Problem to work on:
Although the records contain pictures, none belong in the copy: restate word for word only the lines from the one with "والعُثْوَةُ: جفوف شعر" through the one with "Le bac de ramassage", both included.
§
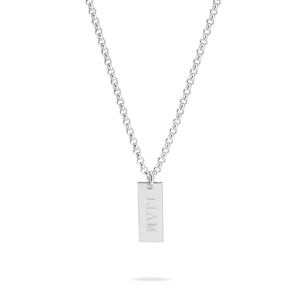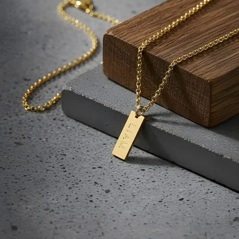 השרשרת כוללת תליון אנכי חלק עם מקום לחריטה מותאמת אישית – בצד אחד או בשני צדדים. עשויה מכסף אמיתי, וניתנת להזמנה בגימור כסף, זהב או רוז גולד. השרשרת עצמה פשוטה אך עמידה, באורך לבחירה שמתאים גם ללבישה לבד וגם לשילוב עם תכשיטים נוספים. כל תליון מיוצר לפי הזמנה – כך שהתוצאה תמיד ייחודית, אישית ובעלת ערך רגשי.
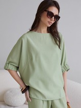 22.03 Vilatte Блузка прямого силуэта D29.226 голубой-белый
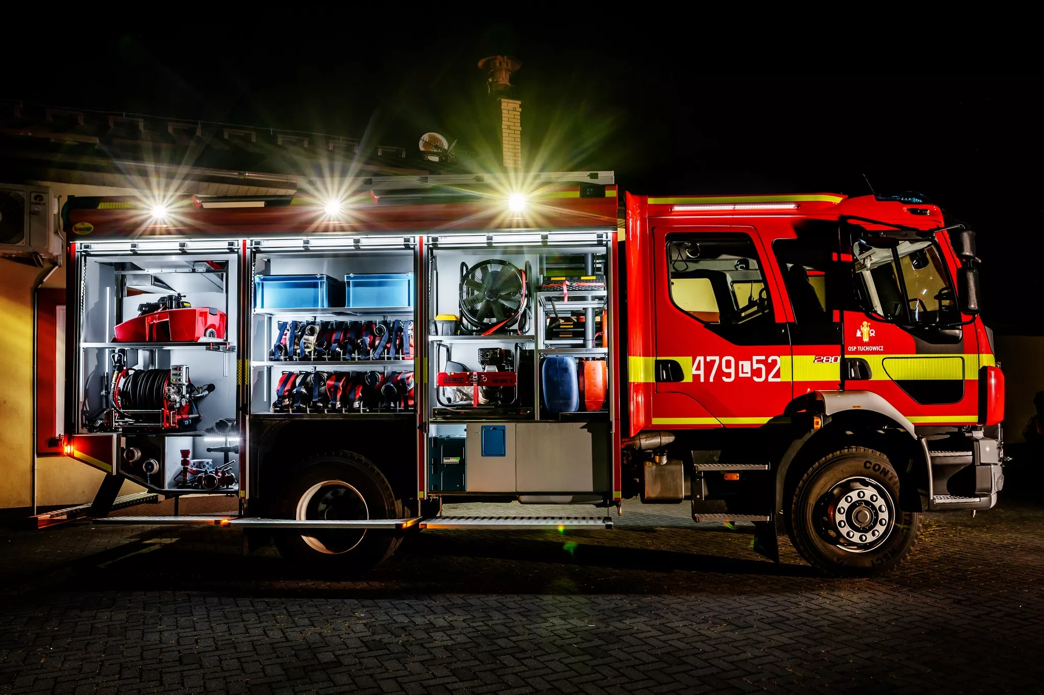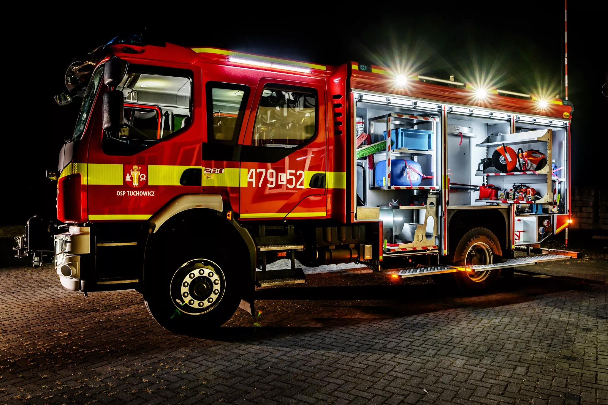 - Wnętrze wozu – nowoczesne, w pełni wyposażone do każdej akcji
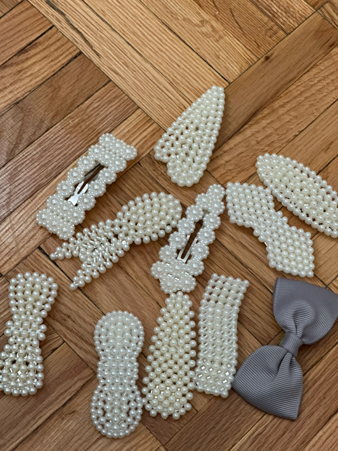 A cute collection of pearl-embellished hair clips and a grey bow! Perfect for adding a touch of elegance to any hairstyle.
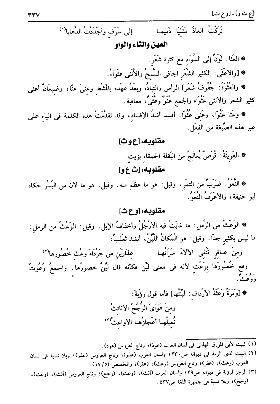 والعُثْوَةُ: جفوف شعر الرَّأْس والتباده وَبعد عَهده بالمشط وعِثىَ عثًا، وضبعان أعثى كثر الشّعْر وَالْأُنْثَى عَثْوَاء وَالْجمع عُثْوٌ وعُثْىٌ، معاقبة.
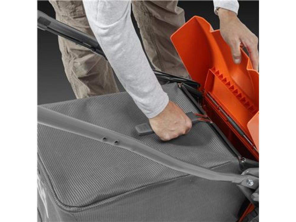 Le bac de ramassage ergonomique est solide, compact et placé en hauteur sur la tondeuse, ce qui facilite son retrait et sa remise en place. Il dispose également d'une grande ouverture et d'une poignée de soutien à l'arrière, ce qui permet de le vider très facilement.
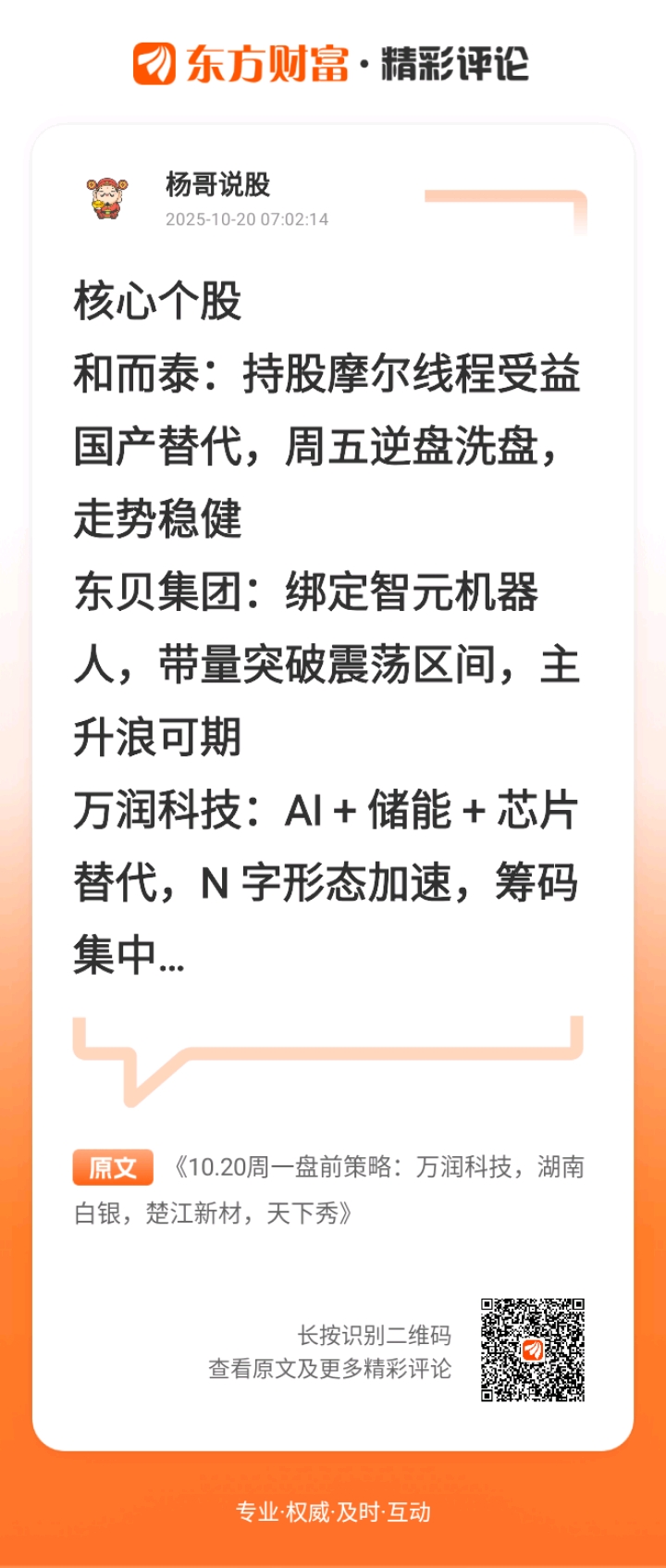 //@杨哥说股 :核心个股和而泰:持股摩尔线程受益国产替代,周五逆盘洗盘,走势稳健东贝集团:绑定智元机器人,带量突破震荡区间,主升浪可期$万润科技(SZ002654)$:AI + 储能 + 芯片替代,N 字形态加速,筹码集中合肥城建:连板强势,下周谨慎逢高出货指数与盘面指数:3800 点成关键支撑,成交量萎缩预示底部蓄力,三季报业绩成核心主线板块:贵金属持续性存疑,业绩超预期个股(消费 / 医药 / 新能源等)受关注持仓策略持有:天下秀(企稳 5 日线)、赛力斯(观望 153 支撑位)、$楚江新材(SZ002171)$(洗盘后待回暖)、$湖南白银(SZ002716)$(贵金属趋势向好)出货:合肥城建(谨慎逢高)
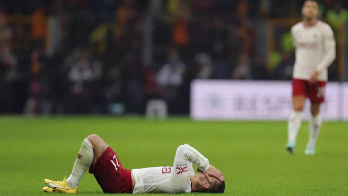 Manchester United are facing elimination from the Champions League in the group stage after squandering a two-goal lead to draw 3-3 with Galatasaray in Istanbul on Wednesday, while Arsenal and PSV Eindhoven secured qualification for the last 16.
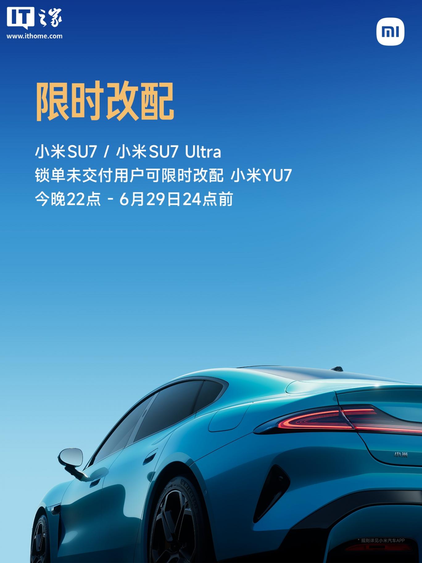 小米 SU7 / 小米 SU7 Ultra 鎖單未交付用戶,6 月 26 日晚 10 點 - 6 月 29 日晚 12 點前可限時改配小米 YU7。
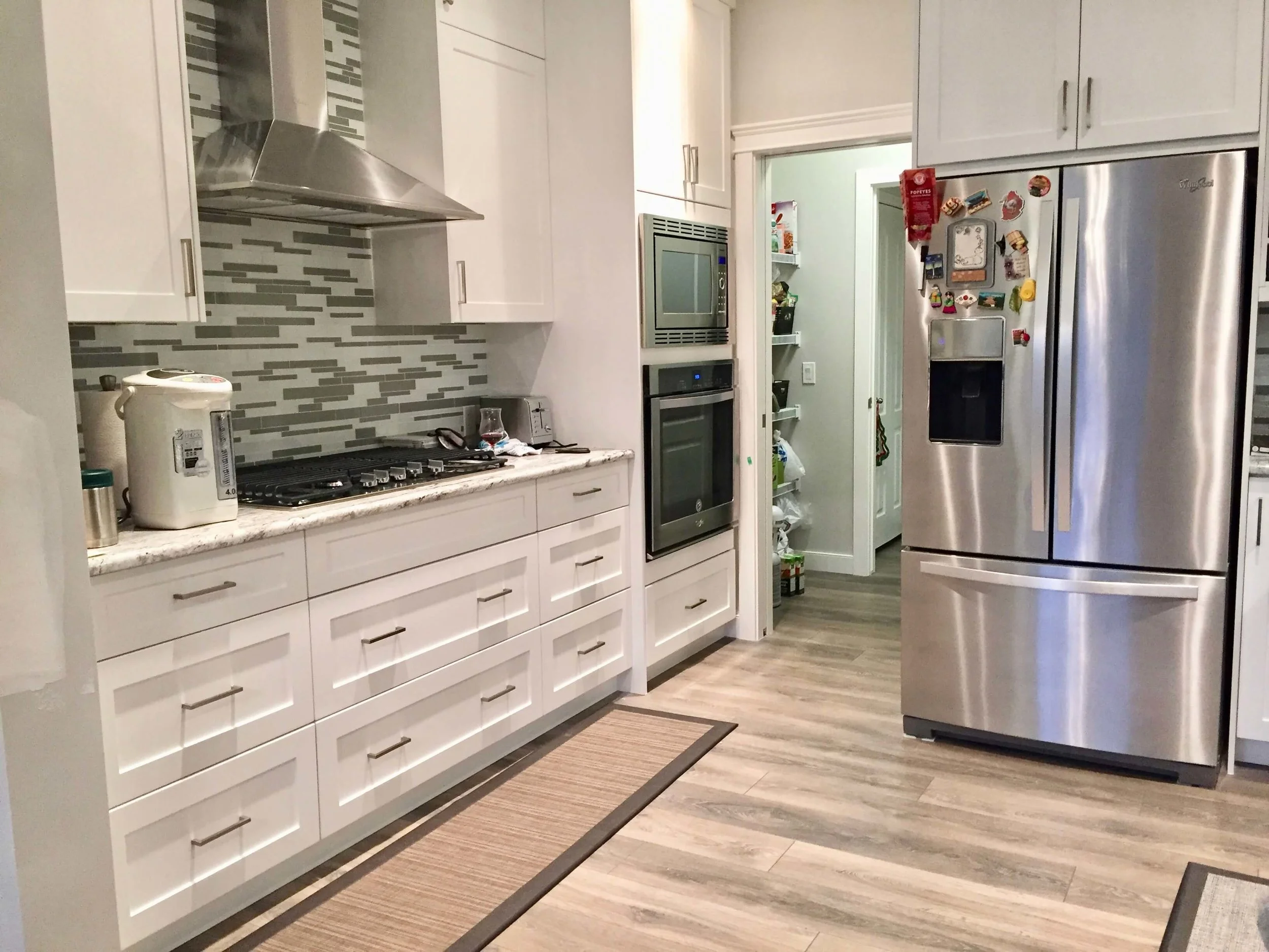 写真に見切れていますが、キッチンコンロや収納棚と並行して、向かいにはキッチンカウンターやシンクがあります。
§
Exercise answer:
 والعُثْوَةُ: جفوف شعر الرَّأْس والتباده وَبعد عَهده بالمشط وعِثىَ عثًا، وضبعان أعثى كثر الشّعْر وَالْأُنْثَى عَثْوَاء وَالْجمع عُثْوٌ وعُثْىٌ، معاقبة.
 Le bac de ramassage ergonomique est solide, compact et placé en hauteur sur la tondeuse, ce qui facilite son retrait et sa remise en place. Il dispose également d'une grande ouverture et d'une poignée de soutien à l'arrière, ce qui permet de le vider très facilement.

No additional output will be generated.